2. “Now I have more than a hundred babies who consume every waking moment of my life. I have become one of those brittle, busy people who emerge from suffering like a tornado, turning so fast that we do not even realize how much self-destruction we’re causing.”
Alice describes her coping mechanism—throwing herself into caring for orphaned elephants at Msali—as both a salvation and a form of avoidance. The metaphor of a “tornado” powerfully captures how relentless activity masks unresolved pain.
3. “People here know I used to do research in the Tuli Block. And that I lived, for a brief while, in the States. But most people don’t connect the academic I used to be to the activist I am now. I have not been Alice Metcalf for a long time.”
This quote highlights Alice’s deliberate reinvention and dissociation from her past identity after trauma. The phrase “Alice Metcalf is dead” underscores how fully she has buried her former life—until the detective’s call forces a reckoning.
4. “Reality is frigid; I have to dip one toe at a time and grow accustomed to the shock before wading in further.”
A vivid metaphor for Alice’s daily struggle to face life after loss.

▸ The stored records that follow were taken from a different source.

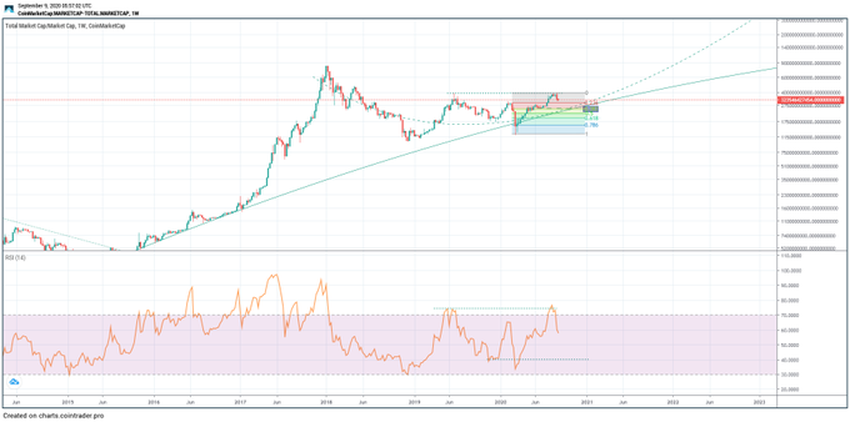 Впрочем, даже если считать текущее движение коррекцией, исходя из высоты предыдущего бычьего хода (выделен на графике), показатель CRYPTOCAP должен будет отметить максимум как минимум на $405 млрд (здесь поблизости проходит уровень Фибо 0.5 коррекции всего медвежьего хода) или в районе $587 млрд (где проходит уровень Фибо 0.786).
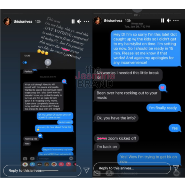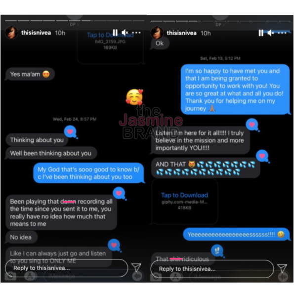 Patterson’s response seemingly prompted Nivea to fire off a series of receipts via her IG stories. In the uploads, she shared screenshots of alleged conversations she once had with Patterson, that indicated their relationship wasn’t one-sided like he claimed it was. In one of the text messages, Patterson’s shared his gratitude towards Nivea for sending him a personal recording of herself singing.
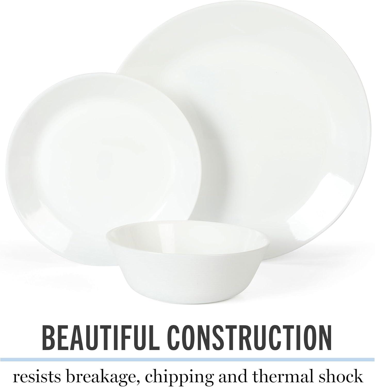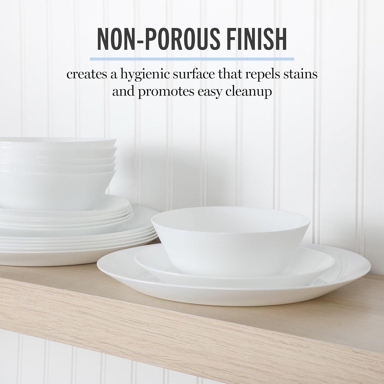 Martha Stewart Opalton 18-Piece Dinnerware Set – Chip and Break Resistant Opal Glass Plates and Bowls, Lightweight White Dinner Set for 6, Microwave and Dishwasher Safe
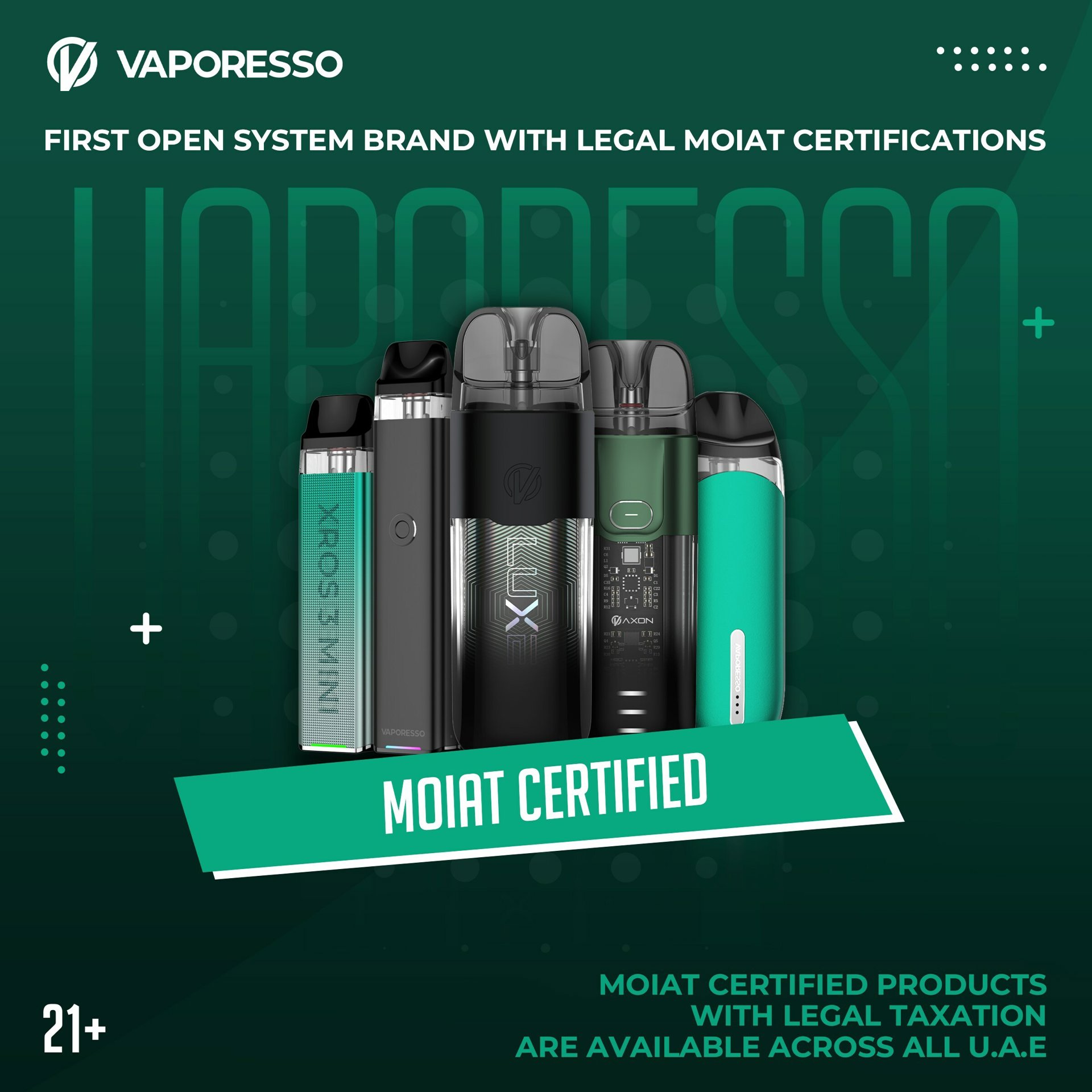 SHENZHEN, China, 12 de septiembre de 2023 /PRNewswire/ -- VAPORESSO, la marca líder en la industria del vapeo, ha anunciado con orgullo su logro como la primera marca de cigarrillos electrónicos registrada con licencia del Ministerio de Industria y Tecnología Avanzada (MoIAT) de los Emiratos Árabes Unidos (EAU) para vender en el país. Después de casi un año de planificación y aplicación estratégicas, VAPORESSO ha recibido con éxito la certificación MoIAT para más de 10 modelos de sus productos, incluidos LUXE XR, XROS 3 MINI, XROS 2, XROS 3, XROS MINI, XROS NANO, ZERO S, LUXE X, LUXE QS, OSMALL 2 y GEN PT 60.
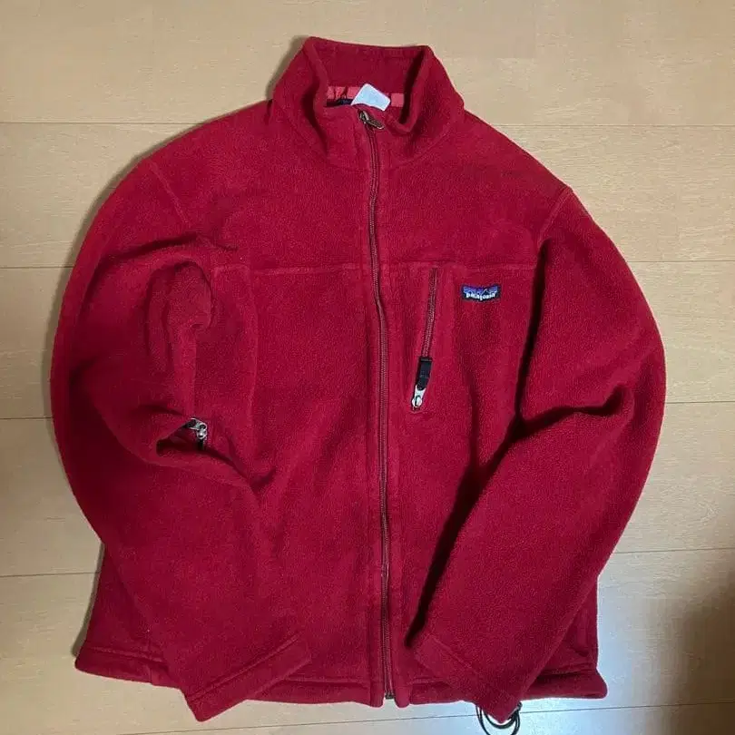 Patagonia의 레드 플리스 자켓, 풀 집업에 포켓이 있습니다. 사용감은 거의 없습니다.
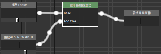 应用叠加型混和节点该节点能够在基础姿势上叠加additive动画的采样数据。 节点使用 在动画图上右键打开上下文菜单,展开“Blends”分类并从中选取“应用叠加型混和”。 J:Developmentlexilexi_animation_editor_docspictures资产及工具atseq_player_context_menu_blendadditiveblending.jpg 便能将其加入图中: 然后可以为节点配置合适的输入/输出。例如: 属性设置 选中节点后,我们可以在属性窗口看到节点的各种属性: 混合权重 略 混合权重偏移 混合权重缩放 LOD阈值 该节点允许允许的最大LOD。
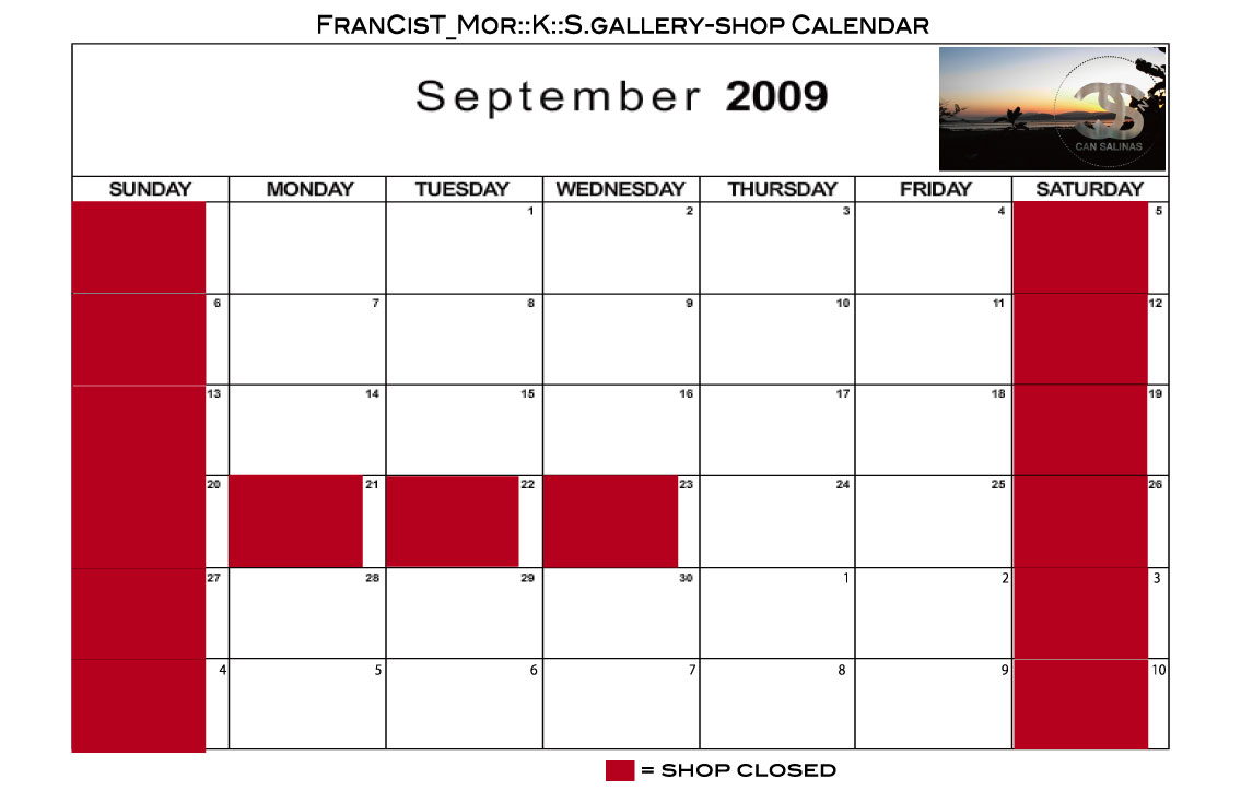 ♦FranCisT_Mor::K::S.gallery-shop9月休業日のお知らせ♦
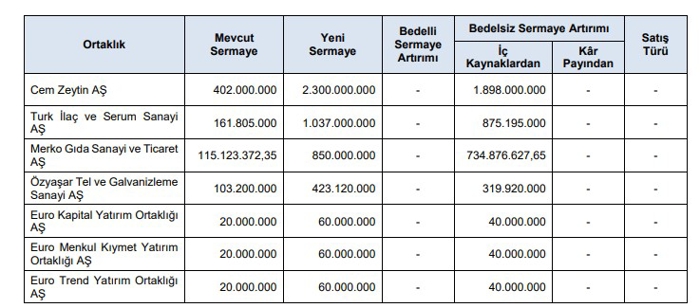 SPK haftalık bültenine göre, Kurul, Cem Zeytin AŞ'nin 1 milyar 898 milyon liralık, Turk İlaç ve Serum Sanayi AŞ'nin 875 milyon 195 bin liralık, Merko Gıda Sanayi ve Ticaret AŞ'nin 734 milyon 876 bin 627 liralık, Özyaşar Tel ve Galvanizleme Sanayi AŞ'nin 319 milyon 920 bin liralık, Euro Kapital Yatırım Ortaklığı AŞ'nin 40 milyon liralık, Euro Menkul Kıymet Yatırım Ortaklığı AŞ'nin 40 milyon liralık ve Euro Trend Yatırım Ortaklığı AŞ'nin 40 milyon liralık bedelsiz sermaye artırım talebini onayladı.

The sensory language (“frigid,” “shock”) emphasizes how her grief has made ordinary existence painfully overwhelming.
5. “‘Ms. Metcalf,’ the detective says, ‘we’ve found the body of your daughter.’”
The chapter’s climactic line—a brutal revelation that shatters Alice’s fragile equilibrium. The cold, formal phrasing contrasts starkly with the emotional weight of the news, marking a turning point where her past can no longer be avoided.